Friday, October 23, 2015

"The Sisters' Line" by Liz Argall and Kenneth Schneyer

At times a bit too gleefully "quirky" for my blood, underneath it all this is, like the Gabby Reed story I wrote about recently, a story of creation and compulsion. Here much revolves around the seemingly contradictory fact that in any creative process everything is both arbitrary and necessary; as the story goes on much of its absurdity is revealed as living in this contradiction. For example there is Becky, who will only do anything if it can be named with a word starting with B (an arbitrary necessity in itself), leading us to the spectacle of the narrator combing through a thesaurus trying to find the right B-word to invoke to get her to drive the train on a search for the narrator's sister, sometimes goofy in desperation: "Can you bus the train, Becky? ... Broom, broom?"

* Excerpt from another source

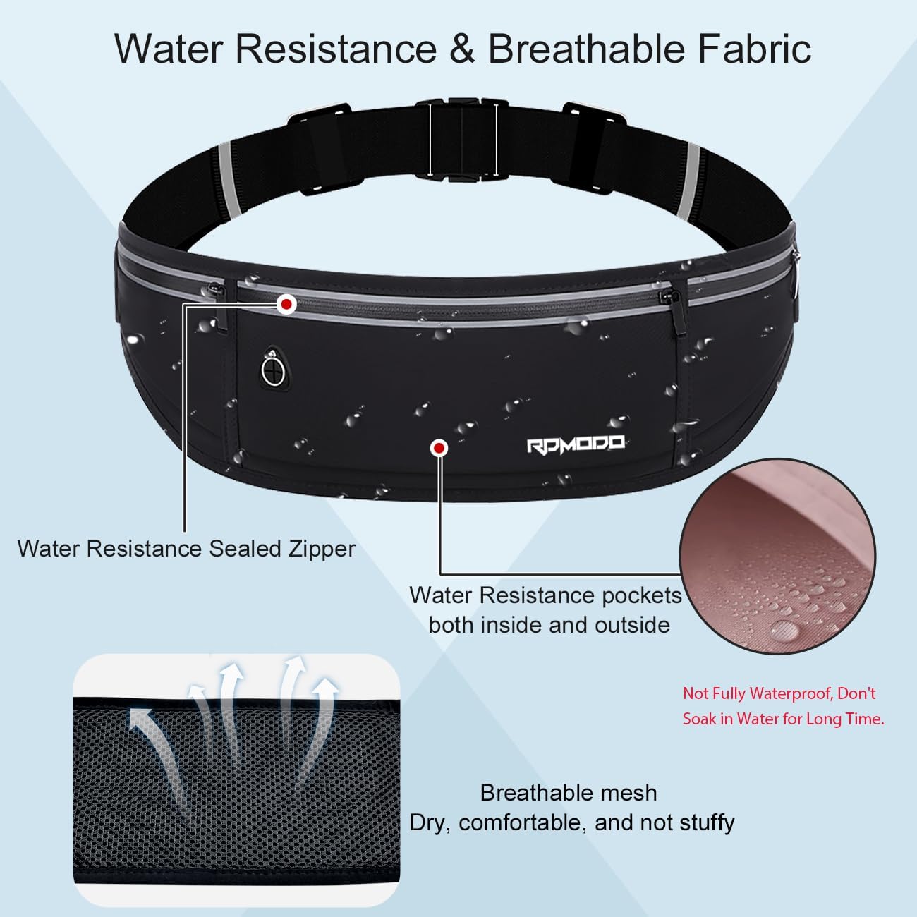 【Premium Material & Water Resistant】The fanny packs for women is make of Nylon and Spandex, which is soft, breathable and skin-friendly. The upgraded waist bag add water resistant coating to the front and back fabrics of the pockets, and with the sealed water resistant zipper, its water resistance performance is more outstanding. Running belt can protect your valuables from sweat, rain, and dirt (Not 100% waterproof, please don’t expose in rain for long time).

The narrator — who has for years been attempting to assemble this train which the missing sister has been mailing "piece by piece" — is horrified when Becky yanks a piece of it out of place and puts it somewhere else, where it fits every bit as well as it had before, now serving a completely different function. "If the parts are malleable and contain as many hidden pockets as the letters, the variables are infinite. How will I piece it together if even the pieces lie to me? ... How much of my train is a lie?" But in this very interchangeability — arbitrariness seeming to come to the fore, taking precedence over necessity — perhaps lies the truth. We look for a luggage rack and find instead a control panel; we reach for the word "drive" (already inappropriate, surely, for a train?) and discover we must find some other word. Literature, writes Miguel de Beistegui,

lets itself be carried off to where the real flees its own self-presence. Ultimately, the real just is that very self-absence. And if it always disappoints, it's not because we always expect too much of it but because we expect it where it actually isn't, because it's never where we expect it to be, because it can only be grasped in its own drift or constitutive gap. We always want it to be in its rightful place but that place is precisely where it's not, precisely where it's lacking.
Now, the story at hand may not always let itself be carried off as fully as I think it should. But the train, in its malleability, in its infinite variability, indeed in its arbitrariness, is not a lie; though who knows where it may be taking them as the story ends, though it looks entirely different than expected, it brings static futility to an end: it works, it goes, it is.